### Instructions for the task
Go line by line through the entries and show those that hold the string "called".

### Material to process
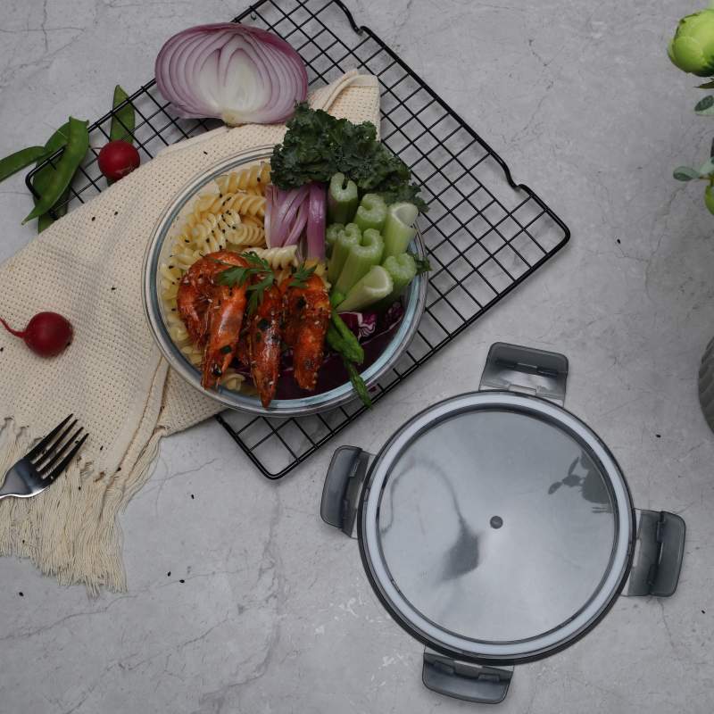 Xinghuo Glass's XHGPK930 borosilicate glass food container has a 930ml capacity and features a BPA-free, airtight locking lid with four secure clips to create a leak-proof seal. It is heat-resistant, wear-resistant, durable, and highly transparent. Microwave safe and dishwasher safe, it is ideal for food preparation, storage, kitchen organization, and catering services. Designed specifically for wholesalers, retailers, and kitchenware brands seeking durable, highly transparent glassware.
* * *
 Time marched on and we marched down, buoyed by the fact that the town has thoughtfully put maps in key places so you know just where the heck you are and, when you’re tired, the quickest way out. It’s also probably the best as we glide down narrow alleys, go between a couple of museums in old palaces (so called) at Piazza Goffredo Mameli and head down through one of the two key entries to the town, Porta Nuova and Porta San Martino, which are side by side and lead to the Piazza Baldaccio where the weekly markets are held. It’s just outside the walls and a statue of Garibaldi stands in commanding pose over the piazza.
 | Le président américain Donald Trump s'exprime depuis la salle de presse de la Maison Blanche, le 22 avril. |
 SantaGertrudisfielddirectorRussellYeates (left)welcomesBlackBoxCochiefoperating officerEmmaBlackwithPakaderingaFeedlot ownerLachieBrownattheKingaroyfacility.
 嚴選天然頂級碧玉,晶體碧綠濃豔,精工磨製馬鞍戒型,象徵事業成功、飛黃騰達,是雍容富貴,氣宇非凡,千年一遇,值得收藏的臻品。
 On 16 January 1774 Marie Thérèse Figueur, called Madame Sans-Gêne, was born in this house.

### Response area
 Time marched on and we marched down, buoyed by the fact that the town has thoughtfully put maps in key places so you know just where the heck you are and, when you’re tired, the quickest way out. It’s also probably the best as we glide down narrow alleys, go between a couple of museums in old palaces (so called) at Piazza Goffredo Mameli and head down through one of the two key entries to the town, Porta Nuova and Porta San Martino, which are side by side and lead to the Piazza Baldaccio where the weekly markets are held. It’s just outside the walls and a statue of Garibaldi stands in commanding pose over the piazza.
 On 16 January 1774 Marie Thérèse Figueur, called Madame Sans-Gêne, was born in this house.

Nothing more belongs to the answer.